Provided by: signify-openbsd_24-1_amd64
signify-openbsd — cryptographically sign and verify files
signify-openbsd -C [-q] -p pubkey -x sigfile [file ...] signify-openbsd -G [-n] [-c comment] -p pubkey -s seckey signify-openbsd -S [-ez] [-x sigfile] -s seckey -m message signify-openbsd -V [-eqz] [-p pubkey] [-t keytype] [-x sigfile] -m message
The signify-openbsd utility creates and verifies cryptographic signatures. A signature verifies the integrity of a message. The mode of operation is selected with the following options: -C Verify a signed checksum list, and then verify the checksum for each file. If no files are specified, all of them are checked. sigfile should be the signed output of sha256(1). -G Generate a new key pair. Keynames should follow the convention of keyname.pub and keyname.sec for the public and secret keys, respectively. -S Sign the specified message file and create a signature. -V Verify the message and signature match. The other options are as follows: -c comment Specify the comment to be added during key generation. -e When signing, embed the message after the signature. When verifying, extract the message from the signature. (This requires that the signature was created using -e and creates a new message file as output.) -m message When signing, the file containing the message to sign. When verifying, the file containing the message to verify. When verifying with -e, the file to create. -n Do not ask for a passphrase during key generation. Otherwise, signify-openbsd will prompt the user for a passphrase to protect the secret key. -p pubkey Public key produced by -G, and used by -V to check a signature. -q Quiet mode. Suppress informational output. -s seckey Secret (private) key produced by -G, and used by -S to sign a message. -t keytype When deducing the correct key to check a signature, make sure the actual key matches /etc/signify-openbsd/*-keytype.pub. -x sigfile The signature file to create or verify. The default is message.sig. -z Sign and verify gzip(1) archives, where the signing data is embedded in the gzip(1) header. The key and signature files created by signify-openbsd have the same format. The first line of the file is a free form text comment that may be edited, so long as it does not exceed a single line. Signature comments will be generated based on the name of the secret key used for signing. This comment can then be used as a hint for the name of the public key when verifying. The second line of the file is the actual key or signature base64 encoded.

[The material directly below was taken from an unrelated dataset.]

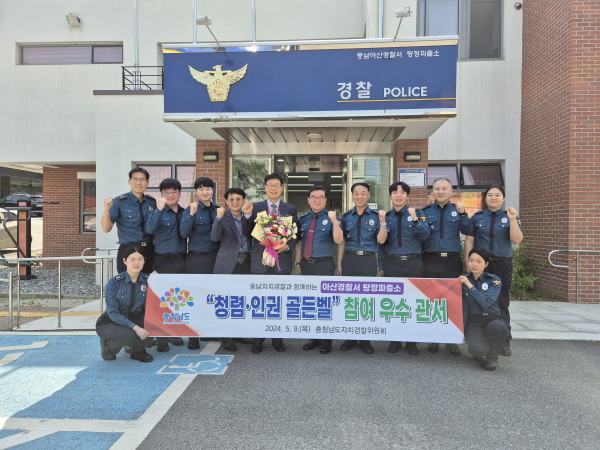 이날 김영배 위원회 사무국장은 우수관서로 선정된 아산 탕정파출소를 찾아 소정의 선물을 전달하고 현장 일선에서 근무하는 직원들의 노고를 격려했다.

The signify-openbsd utility exits 0 on success, and >0 if an error occurs. It may fail because of one of the following reasons: · Some necessary files do not exist. · Entered passphrase is incorrect. · The message file was corrupted and its signature does not match. · The message file is too large.
Create a new key pair: $ signify-openbsd -G -p newkey.pub -s newkey.sec Sign a file, specifying a signature name: $ signify-openbsd -S -s key.sec -m message.txt -x msg.sig Verify a signature, using the default signature name: $ signify-openbsd -V -p key.pub -m generalsorders.txt Verify a release directory containing SHA256.sig and a full set of release files: $ signify-openbsd -C -p /etc/signify/openbsd-65-base.pub -x SHA256.sig Verify a bsd.rd before an upgrade: $ signify-openbsd -C -p /etc/signify/openbsd-65-base.pub -x SHA256.sig bsd.rd Sign a gzip archive: $ signify-openbsd -Sz -s key-arc.sec -m in.tgz -x out.tgz Verify a gzip pipeline: $ ftp url | signify-openbsd -Vz -t arc | tar ztf -
The signify-openbsd command first appeared in OpenBSD 5.5.